# Faces of Nepal



## emydura (Apr 12, 2010)

I have posted some landscape photos previously of Nepal. Here are some photos of the local people, mostly from my trek in western Nepal. The children in particular loved to be photographed. As soon as I took the photo they would be pulling the camera off my neck so they could see themselves on the LCD screen. I was really impressed with how respectful the children were. More respect than I would ever get in my own country. Despite seeing few westerners they showed no fear and enjoyed walking along the track with me.

I always greeted the local people with Namaste (Nepalese welcome) and a big smile. This immediately broke down any barriers. I made a bit of an effort to speak there language which also helped.

I really enjoyed taking photos of the local people. More so than I would have realized. I just wished I had taken by fast 50 mm lens as I was often shooting in low light. Anyway here a few photos of the people of the region.



Beautiful young girl from the village of Bhulbule. One of my favourite photos from the whole trip. I printed this one out and framed it. 







Young boy from Jumla.






Old man in a traditional pose. The trek occurred during the Tihar festival (brother & sister festival) which is basically like our Christmas. Families come together to celebrate this occasion. The marigold necklace would have been put around his neck by his sister.






The green necklace signifies this beautiful young girl is married. 






During Tihar, young Nepalese go around to each house and put on a performance (both singing and dancing). The house owners in return pay them money, which they use to go on a picnic etc. Some of the dances of the older children in particular can be quite a show with microphones and backing sound systems.

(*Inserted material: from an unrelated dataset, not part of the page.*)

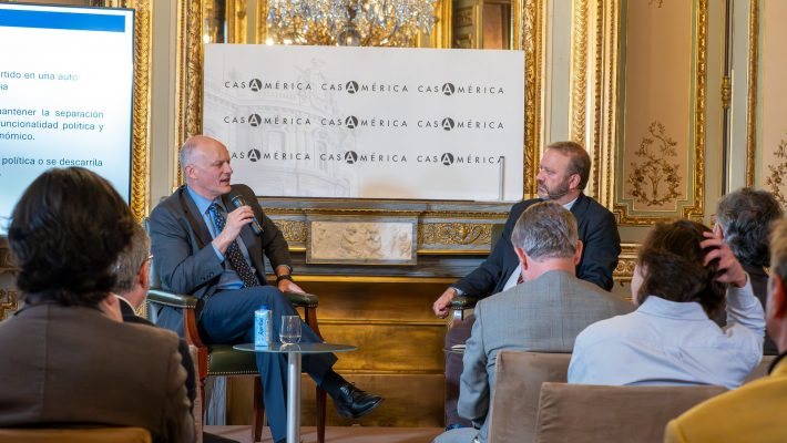 En primer lugar, gracias a Casa de América y a todo su equipo por la acogida y el apoyo organizativo. Nuestro reconocimiento a Moisés Morera por la presentación y contextualización del acto, y muy especialmente a Alejandro Werner, Director del Georgetown Americas Institute, por una intervención rigurosa, clara y generosa, que nos permitió situar a América Latina en el centro de los debates estratégicos internacionales, así como a Juan Luis Manfredi, ex Catedrático Príncipe de Asturias y miembro del Comité Ejecutivo del Club, por su moderación impecable. Gracias también al Embajador León De la Torre, Director General de Casa América, y a todas las personas que participaron activamente en la conversación y en el coloquio posterior.

A couple of young boys used the money from Tihar proceeds to buy 2 rabbits for there picnic. They look to cute to eat. 






Young boy from Dolpo wearing a traditional Nepalese hat.








I befriended this old lady from the town of Dhankuta. She didn’t speak English and my Nepalese is very limited so communication was difficult. She invited me into her house where she offered me a glass of locally made alcohol (ruksi). Now I don’t drink alcohol normally at all let alone some cheap home made brew. But she wouldn’t take no for an answer and I didn’t want to offend her. It was terrible. Would put hairs on your chest. I left her place feeling a little merry. 






An old couple from the Dolpo region.






Inside the house of a lovely Nepalese family I stayed with. The mother on the left had 8 daughters and one son. The two older girls in this photo are her daughters. This was a very special occasion for the family as the 19 year old son had returned from Kathmandu after 8 years to celebrate Tihar. So all the daughters had arrived from around the region to celebrate. Just a beautiful family who made me feel very welcome. You can see some cell roti (fried bread) on the stove. That is seriously nice, believe me. 











Daughter of the women above. Sweet girl who walked with me for half an hour or so along the track. Like most people here she couldn’t speak English. The children were always very trusting and showed little fear of me.


----------



## emydura (Apr 12, 2010)

I asked this girl could I take her photo. I thought she said no, so went on just photographing the river. Next minute she runs over carrying this red spike and posed for me. Like most Nepalese the pose is always very serious. She was a sweet girl and I have very fond memories of that photo shoot.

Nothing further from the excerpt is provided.